CVE-2026-23313 Overview
A vulnerability has been discovered in the Linux kernel's i40e network driver that causes a preempt count leak in the NAPI poll tracepoint. The issue stems from improper use of get_cpu() in the tracepoint assignment without a corresponding put_cpu() call, leading to preemption count imbalance during soft interrupt handling.
Critical Impact
This vulnerability can cause system instability and potential denial of service conditions due to preemption count leaks in the network receive soft interrupt path, affecting systems using Intel i40e network adapters.
Affected Products
- Linux kernel with i40e network driver
- Systems using Intel Ethernet Controller X710/XL710 family adapters
- Linux distributions with affected kernel versions
Discovery Timeline
- March 25, 2026 - CVE CVE-2026-23313 published to NVD
- March 25, 2026 - Last updated in NVD database
Technical Details for CVE-2026-23313
Vulnerability Analysis
The vulnerability exists in the i40e driver's NAPI poll tracepoint implementation. When network packets are processed through the softirq mechanism, the driver incorrectly uses get_cpu() to retrieve the current processor ID within the tracepoint assignment code path. The function get_cpu() disables preemption and returns the current CPU number, but the corresponding put_cpu() call that should re-enable preemption is never executed.
This creates an asymmetric preemption count, as evidenced by kernel warning messages showing the preempt count changing from 00000100 to 00000101 during softirq processing. The NET_RX softirq path is particularly affected, causing the kernel to detect and report this inconsistency.
Root Cause
The root cause is a programming error in the tracepoint instrumentation code within the i40e driver. The developer used get_cpu() when they only needed the processor ID without disabling preemption. The correct function to use in this context is smp_processor_id(), which returns the current CPU number without modifying the preemption state.
The fix involves replacing get_cpu() with smp_processor_id() in the tracepoint assignment, eliminating the preemption count leak entirely.
Attack Vector
The attack vector for this vulnerability is currently unknown. However, the vulnerability manifests during normal network packet processing when:
- Network traffic arrives on an interface managed by the i40e driver
- The NAPI poll mechanism is invoked to process received packets
- Tracepoints are enabled for monitoring driver behavior
- The preemption count becomes unbalanced, potentially leading to system instability
The vulnerability can cause gradual system degradation as preemption counts accumulate incorrectly over time, potentially leading to soft lockups or other denial of service conditions on systems under heavy network load.
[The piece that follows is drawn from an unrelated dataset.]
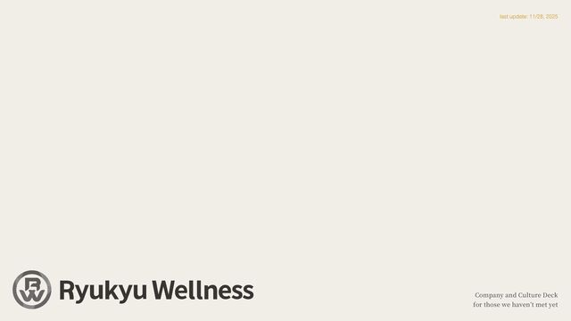 © 2025 Ryukyu Wellness Inc. Life is Wellness. 1 5 規模拡 大 を優先とせず、 「意味や意義」 を優先とする 経営 方 針 1. 適切に利益を 生 み出し、 継続的に世の中に価値を発揮し続ける 2. 利益を独り占めせず、 協 力 者/関係者に最適に還元する 3. アジャイル型で事業をみんなで作り、 みんなで育てる 4. 勝ち筋発掘やリスクヘッ ジをしつつ、 挑戦的な投資をする 5. Policy

Detection Methods for CVE-2026-23313
Indicators of Compromise
- Kernel warning messages containing "huh, entered softirq 3 NET_RX with preempt_count" in system logs
- Preemption count mismatch warnings during network operations
- System instability or soft lockups on systems with i40e network adapters
- Degraded network performance under high traffic loads
Detection Strategies
- Monitor kernel logs (dmesg) for softirq preemption count warnings
- Deploy monitoring for i40e driver-specific error messages
- Implement kernel tracing to detect preemption count anomalies
- Use SentinelOne Singularity platform to monitor for kernel-level anomalies and stability issues
Monitoring Recommendations
- Enable kernel logging at appropriate verbosity levels to capture softirq warnings
- Configure alerting for preemption count leak messages in centralized log management systems
- Monitor system uptime and stability metrics on affected systems
- Track i40e driver events through kernel event monitoring tools
How to Mitigate CVE-2026-23313
Immediate Actions Required
- Update the Linux kernel to a patched version containing the fix
- If unable to immediately patch, consider disabling i40e tracepoints temporarily
- Monitor affected systems for signs of instability
- Plan maintenance windows for kernel updates on production systems
Patch Information
The fix has been committed to the stable Linux kernel tree. The patch replaces the problematic get_cpu() call with smp_processor_id() in the tracepoint assignment code. Multiple kernel commits address this issue:
- Kernel Git Commit Update
- Kernel Git Commit Fix
- Kernel Git Commit Security Patch
- Kernel Git Commit Improvement
Administrators should apply the appropriate patch for their kernel version from the stable kernel repository.
Workarounds
- Disable i40e driver tracepoints if not required for debugging purposes
- Reduce network load on affected systems until patches can be applied
- Consider using alternative network drivers if available for your hardware
- Implement system monitoring to detect and respond to stability issues promptly
# Configuration example
# Disable i40e tracepoints temporarily (if available)
echo 0 > /sys/kernel/debug/tracing/events/i40e/enable
# Verify current kernel version
uname -r
# Check for available kernel updates
apt-get update && apt-cache policy linux-image-generic
# or for RHEL/CentOS
yum check-update kernel
Disclaimer: This content was generated using AI. While we strive for accuracy, please verify critical information with official sources.